ABOUT THIS TASK:
In your copy, leave out the pictures and output only the lines from the one holding "Hyväkuntoinen Nuutajärven maljakko, tarra" through the end of the data below, exactly.

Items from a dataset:
===

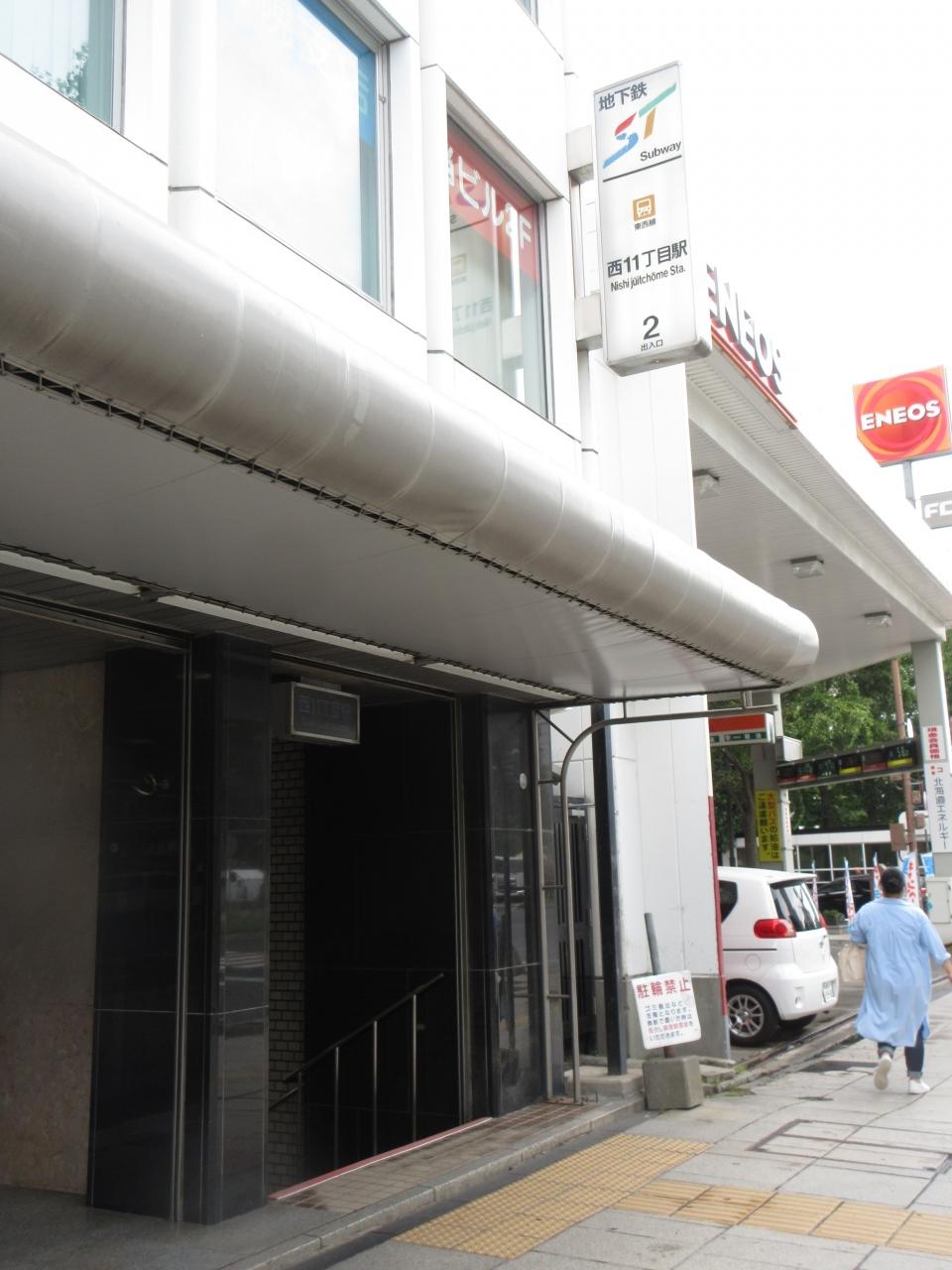 地下鉄西11丁目の駅へ向かいます。地下鉄東西線で新札幌の駅まで乗り換えなしで行けるので便利です。
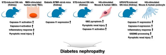Shao et al. investigated the involvement of the murine caspase-4/11 noncanonical inflammasome and GSDMD-driven pyroptosis in glomerular endothelial cells (GECs) and in a mouse model of DN induced by STZ [40]. GSDMD-driven pyroptosis was induced in mouse and human GECs treated with HG [40]. GSDMD-driven pyroptosis contributed to renal damage; however, silencing GSDMD in renal tissues mitigated kidney injury in STZ-induced DN mice [40]. Moreover, HG condition activated the caspase-11 noncanonical inflammasome and induced pyroptosis in mouse GECs, suggesting the pivotal role of caspase-11 noncanonical inflammasome activation and subsequent GSDMD-driven pyroptosis in DN pathogenesis.
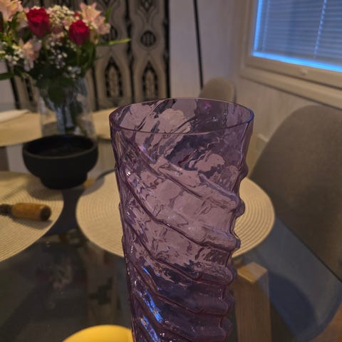 Hyväkuntoinen Nuutajärven maljakko, tarra paikallaan.
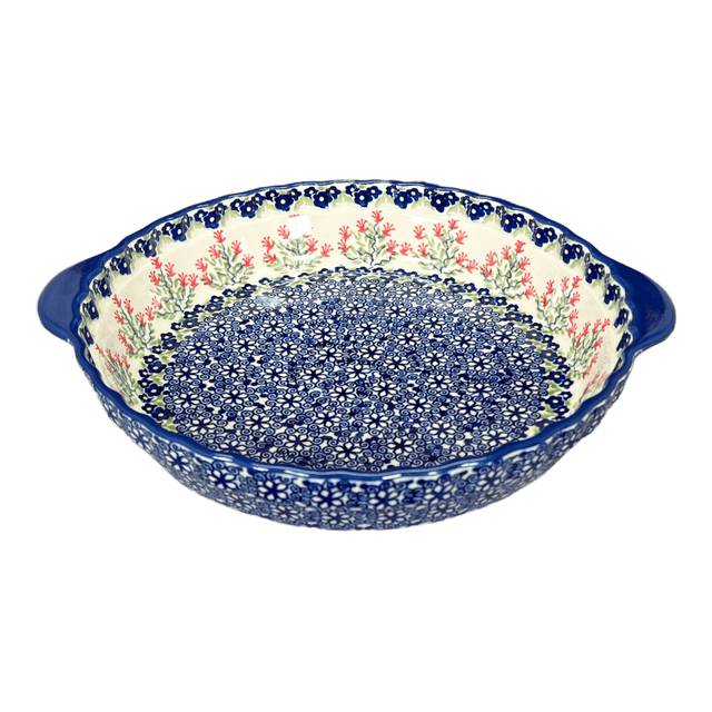 Imagine pulling your next pie from the oven, cradled in a masterpiece of pottery that's as delightful to look at as your pie is to eat! Meet the Polish Pottery Baker, Round Pie Plate with Handles, measuring a generous 9.75 inches. Crafted by the esteemed artisans at Manufaktura, this pie plate is not just a baking dish but a portal to a world of culinary artistry. The "Burning Thistle" pattern is a canvas of vibrant reds, calming blues, and refreshing greens, creating a floral dance on a pristine white background. Each piece, a testament to the skill of its creator, brings the allure of the Polish countryside right to your kitchen.
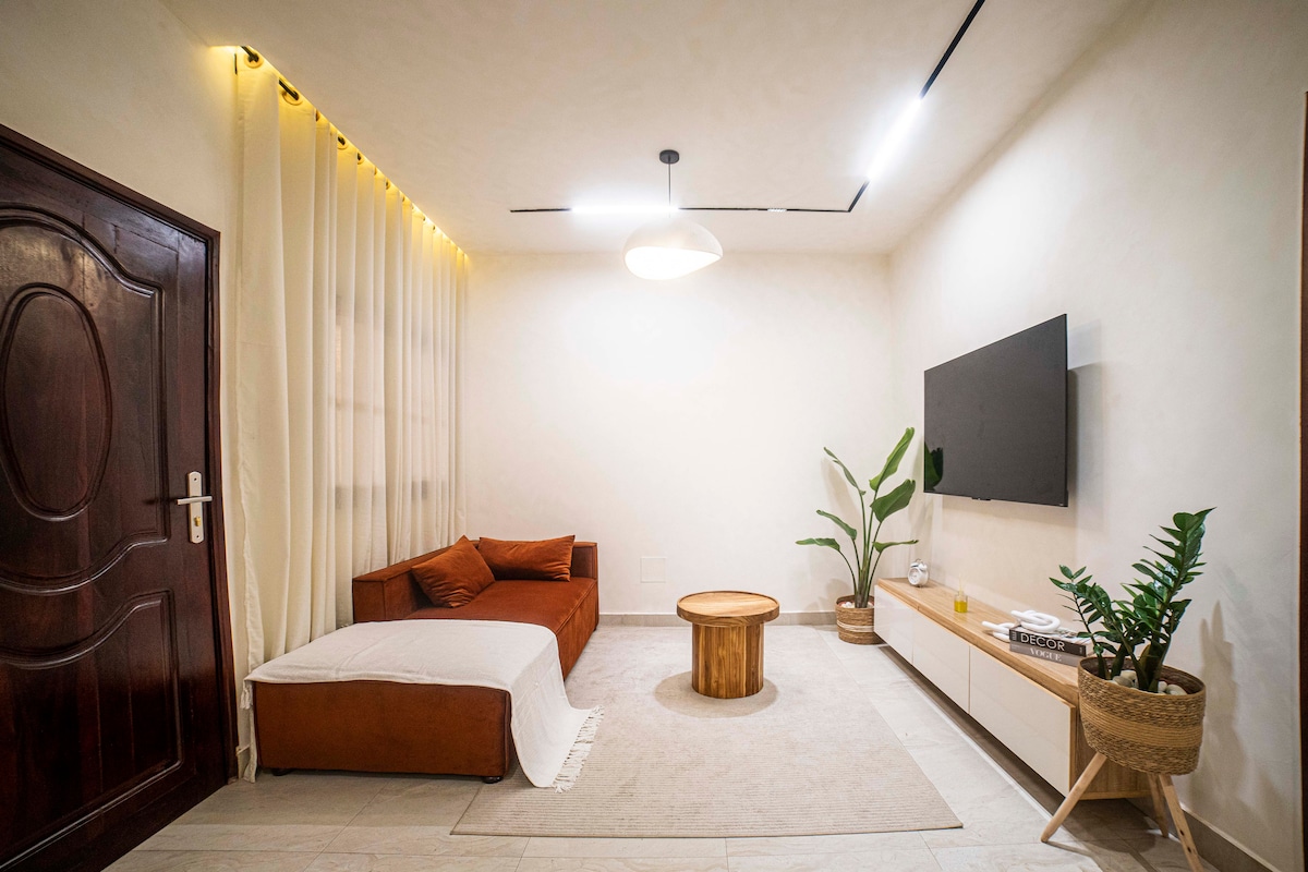 Nougat Business Apartment – Élégance afro-chic au cœur de Lomé Situé à Adewui, en plein centre-ville de Lomé, le Nougat Business Apartment marie subtilement l’élégance française et le charme africain. Pensé dans un style afro-chic aux tons chauds et naturels, cet appartement a été conçu pour offrir une expérience à la fois professionnelle, confortable et inspirante. Chaque détail a été imaginé pour que vous vous sentiez à la maison tout en profitant du confort d’un séjour haut de gamme.

===

SOLUTION TO THIS EXERCISE:
 Hyväkuntoinen Nuutajärven maljakko, tarra paikallaan.
 Imagine pulling your next pie from the oven, cradled in a masterpiece of pottery that's as delightful to look at as your pie is to eat! Meet the Polish Pottery Baker, Round Pie Plate with Handles, measuring a generous 9.75 inches. Crafted by the esteemed artisans at Manufaktura, this pie plate is not just a baking dish but a portal to a world of culinary artistry. The "Burning Thistle" pattern is a canvas of vibrant reds, calming blues, and refreshing greens, creating a floral dance on a pristine white background. Each piece, a testament to the skill of its creator, brings the allure of the Polish countryside right to your kitchen.
 Nougat Business Apartment – Élégance afro-chic au cœur de Lomé Situé à Adewui, en plein centre-ville de Lomé, le Nougat Business Apartment marie subtilement l’élégance française et le charme africain. Pensé dans un style afro-chic aux tons chauds et naturels, cet appartement a été conçu pour offrir une expérience à la fois professionnelle, confortable et inspirante. Chaque détail a été imaginé pour que vous vous sentiez à la maison tout en profitant du confort d’un séjour haut de gamme.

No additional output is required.